The task:
Only the pictures are to be omitted; everything else in the listing must be reproduced exactly.

Recorded data:
________________________________________

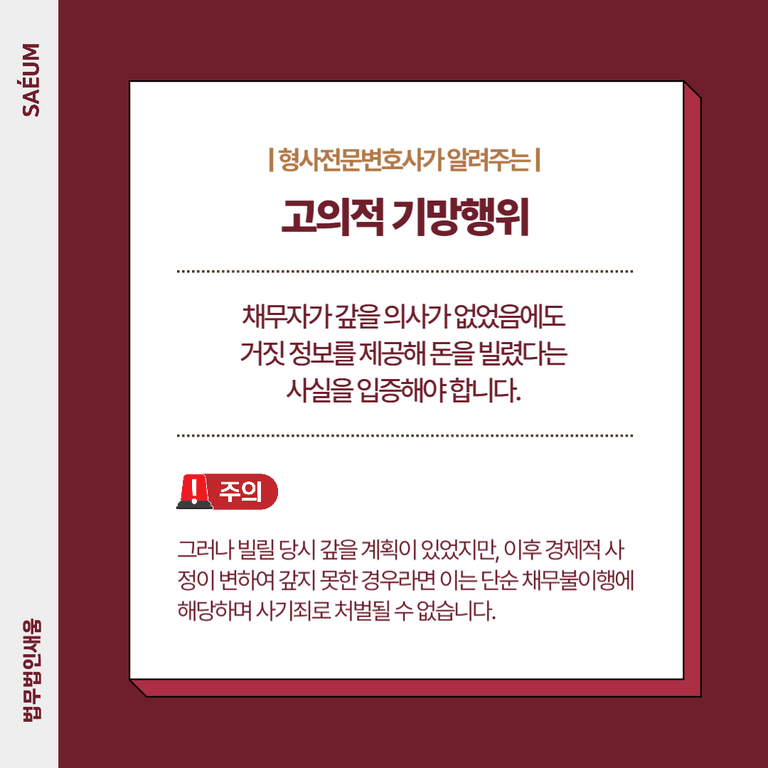그러나 빌릴 당시 갚을 계획이 있었지만, 이후 경제적 사정이 변하여 갚지 못한 경우라면 이는 단순 채무불이행에 해당하며 사기죄로 처벌될 수 없습니다.
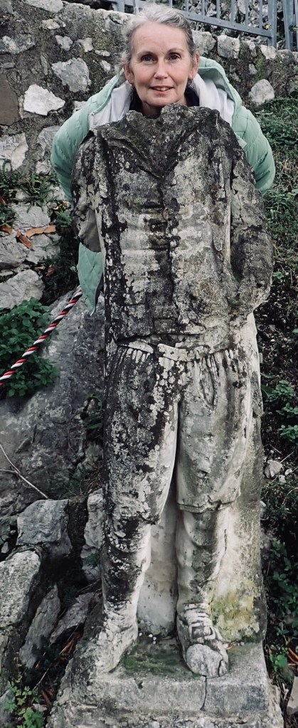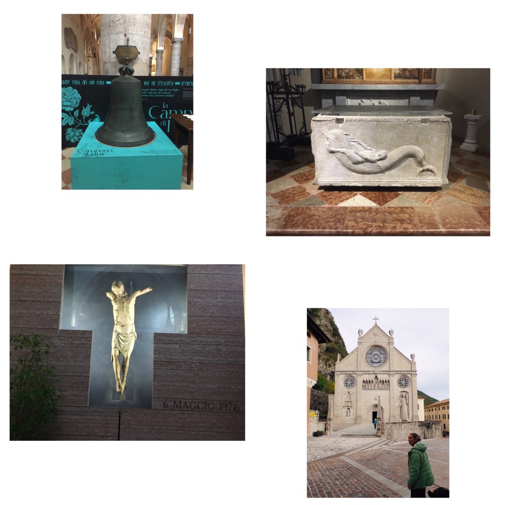 Below the castle is the Cathedral of Santa Maria Assunta which has been built up against the cliffs of Mount Glemine and dates back to the 13th and 14th century built on the site of an older church. It too was severely damaged by the earthquake and where possible it has been painstakingly restored as the original. Michelle went inside ( whilst I sat outside with Layla 😊) and was impressed by the interior she took photos amongst which were three of items damaged in the earthquake.
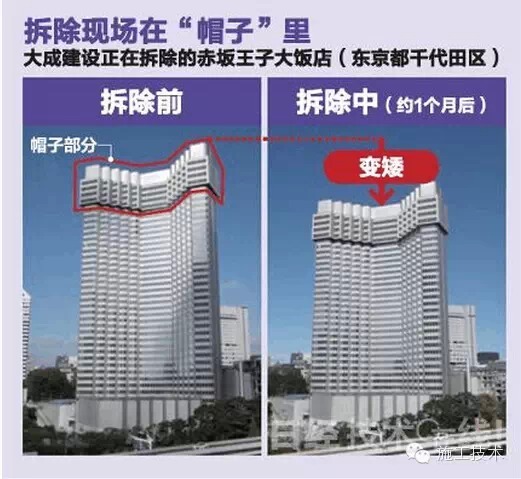 如果采用大林组的方法,在拆除顶部后,需要将隔音板下移,而大成建设采用的方法是利用立柱状的液压千斤顶使帽子部分下落。就是在立柱的部位设置立柱状的液压千斤顶,在拆除掉地面和承重梁后,最后利用液压千斤顶使帽子部分下落。看上去就像帽子一点点接近地面。

________________________________________

Problem solution:
그러나 빌릴 당시 갚을 계획이 있었지만, 이후 경제적 사정이 변하여 갚지 못한 경우라면 이는 단순 채무불이행에 해당하며 사기죄로 처벌될 수 없습니다.
 Below the castle is the Cathedral of Santa Maria Assunta which has been built up against the cliffs of Mount Glemine and dates back to the 13th and 14th century built on the site of an older church. It too was severely damaged by the earthquake and where possible it has been painstakingly restored as the original. Michelle went inside ( whilst I sat outside with Layla 😊) and was impressed by the interior she took photos amongst which were three of items damaged in the earthquake.
 如果采用大林组的方法,在拆除顶部后,需要将隔音板下移,而大成建设采用的方法是利用立柱状的液压千斤顶使帽子部分下落。就是在立柱的部位设置立柱状的液压千斤顶,在拆除掉地面和承重梁后,最后利用液压千斤顶使帽子部分下落。看上去就像帽子一点点接近地面。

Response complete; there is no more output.